In China, there are two different types of players. The first is group-buying startups like Meituan/Dianping, who have their own delivery team. The second includes companies like Baidu (Baidu Waimai) and Alibaba (Koubei) where ecommerce giants have ventured into the space. Alibaba recently acquired food company ele.me.
Interestingly, Alibaba’s affiliate Ant Financial is an investor in Swiggy’s competition - Zomato. While one could argue that this means Alibaba is perhaps gauging the Indian market, experts believe it is too early to comment.
“It is no doubt that the market is big in India. But it also is a tough one to crack. While people in India eat out two to three times in a week, in Thailand the number is at eight to nine times. But now the dynamics are changing. People tend to order in more often,” says another investor.
What Swiggy has got right is its operations, and the company ensured it had total control over the logistics. “It is a strong execution game. While the technology is strong, in India it needs to be solid mix of both online and offline play, managed seamlessly,” says another investor.
Sriharsha Majety, Co-founder and CEO, Swiggy, began with one premise, “We aim to change the way India eats.”
Explaining this, Sriharsha had earlier said,
“We do our basic service really well. We are boringly predictable. Our hope is there should be no touch points between a customer and us beyond them placing the order on the app and us handing over the food to them. It is a challenging business and we were able to get the basic service right through a mix of technology and operational excellence. One of the big contributors was having our own fleet. We had five riders when we started; we have crossed 20,000 riders now.”
When Swiggy started operations in August 2014, its main proposition was to ensure it delivered food not only from high-end restaurants, but also pocket-friendly joints, and everything in between.
A mixed play
Sanjay Anandaram, noted early stage investor and startup mentor, believes online food businesses today are essentially focused on delivery, online kitchens, and a combination of both.
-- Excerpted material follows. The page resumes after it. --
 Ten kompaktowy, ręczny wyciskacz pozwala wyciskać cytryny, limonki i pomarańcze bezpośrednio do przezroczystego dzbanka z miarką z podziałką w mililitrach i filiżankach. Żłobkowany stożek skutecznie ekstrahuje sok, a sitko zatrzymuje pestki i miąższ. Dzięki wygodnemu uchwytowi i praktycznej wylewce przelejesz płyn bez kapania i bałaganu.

Sanjay says that while online kitchen businesses will raise money and continue to grow, the real battle will be between Zomato and Swiggy.
Swiggy, however, has one big factor in its favour - the first mover’s advantage.
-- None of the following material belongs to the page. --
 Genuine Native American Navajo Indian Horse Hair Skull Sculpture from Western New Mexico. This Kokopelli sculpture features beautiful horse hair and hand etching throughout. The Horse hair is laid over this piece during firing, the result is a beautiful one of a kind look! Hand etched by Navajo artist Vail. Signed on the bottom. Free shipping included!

“Swiggy has taken a solid position in the mind-space of the urban Indian populace. I know people who look at restaurants and menu on one platform, but choose to order on Swiggy out of sheer habit. And that can be established only out of consistency,” says another mentor.
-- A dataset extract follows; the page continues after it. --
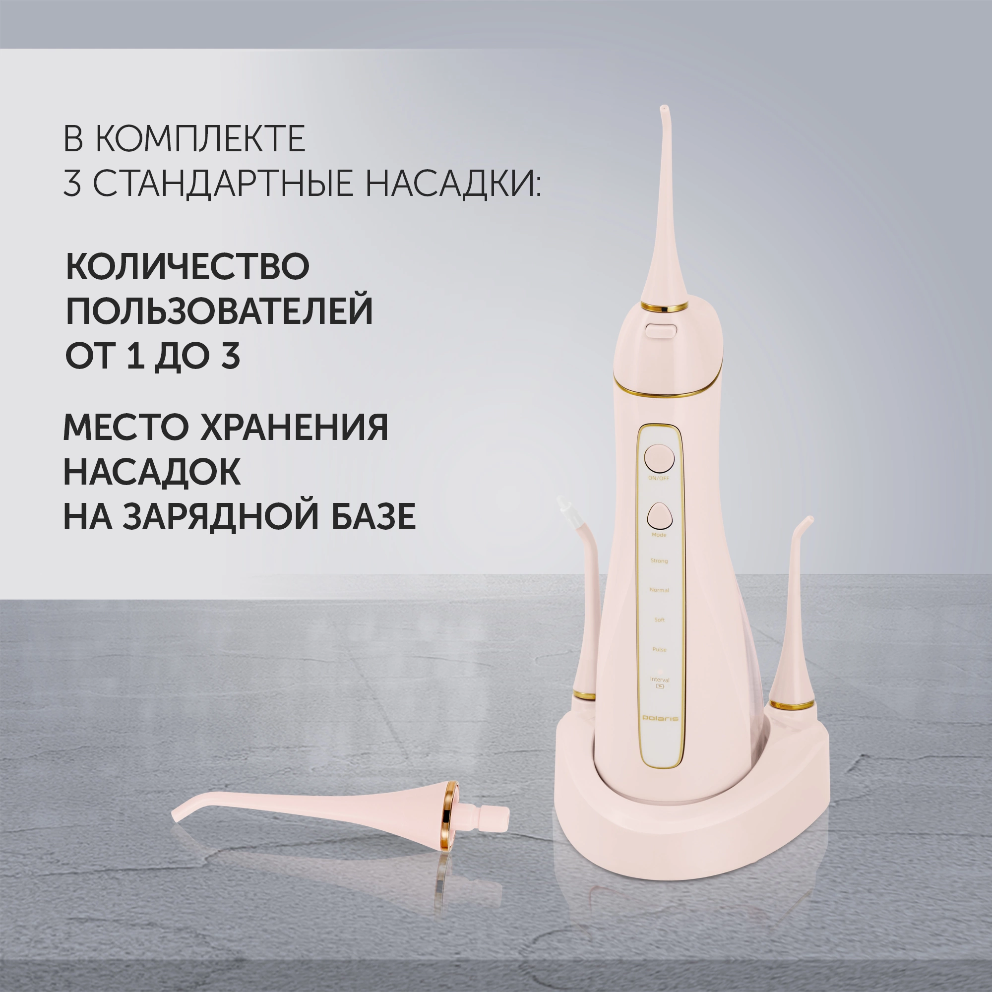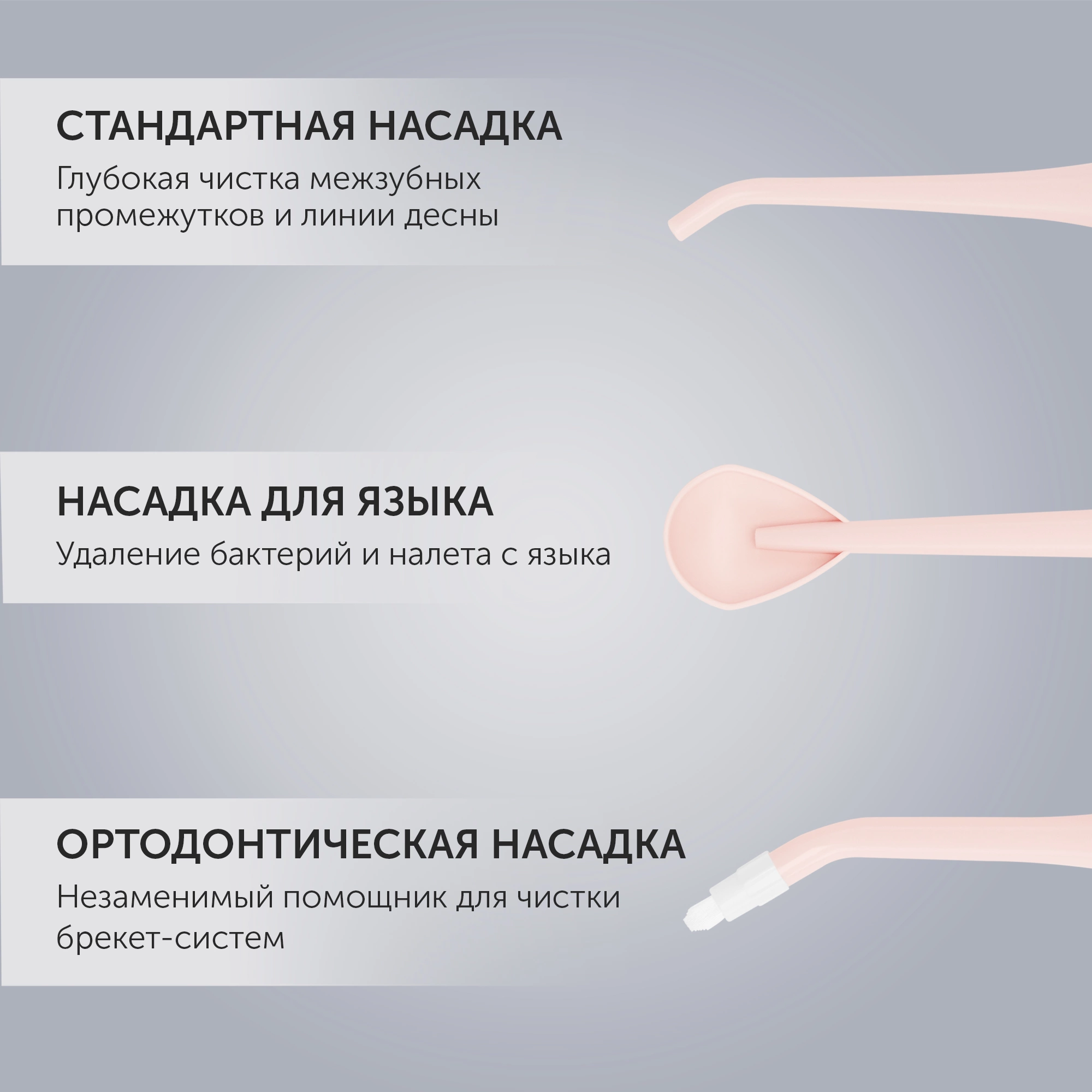 Низкий уровень шума, 5 режимов работы, индикатор уровня заряда, 5 насадок в комплекте, резервуар 220мл, влагозащита IPX7, эргономичный дизайн, бесконтактная зарядная база, 120 минут без подзарядки (в режиме Normal), автоматическое отключение, сумка для хранения и путешествий.

Restaurant businesses typically involve high investments in space and equipment. Additionally, operating expenses are also high and the only way to make money is to ensure a growing number of orders — something that Swiggy brings in.
Apart from restaurant chains and bigger players, Swiggy today also works with small restaurant owners who form a big part of the unorganised restaurant business. For many small restaurants, Swiggy is the primary route through which orders flow in. Said one such restaurant owner,
“As order volumes through Swiggy keep increasing, restaurants factor in that demand and work on adding to their daily (raw material) procurements.”
Currently, Swiggy’s revenue per order – at 30 percent currently - is a blend of three parts, the commission from restaurants, delivery fee charged from consumers, and discretionary advertising revenues.
For 2016-17, the company posted a revenue of Rs 133.1 crore and a loss of Rs 205.2 crore. In the previous year, the Bengaluru-based foodtech startup had posted a revenue of Rs 23.6 crore and a loss of Rs 137.2 crore. The overall foodtech market in India will be worth $2.5 billion in 2021 as against $700 million at present according to research firm RedSeer.
Now with Swiggy getting a valuation of $1.3 billion, it will be interesting to see how it takes a bite of the foodtech market and pushes forward towards a faster growth.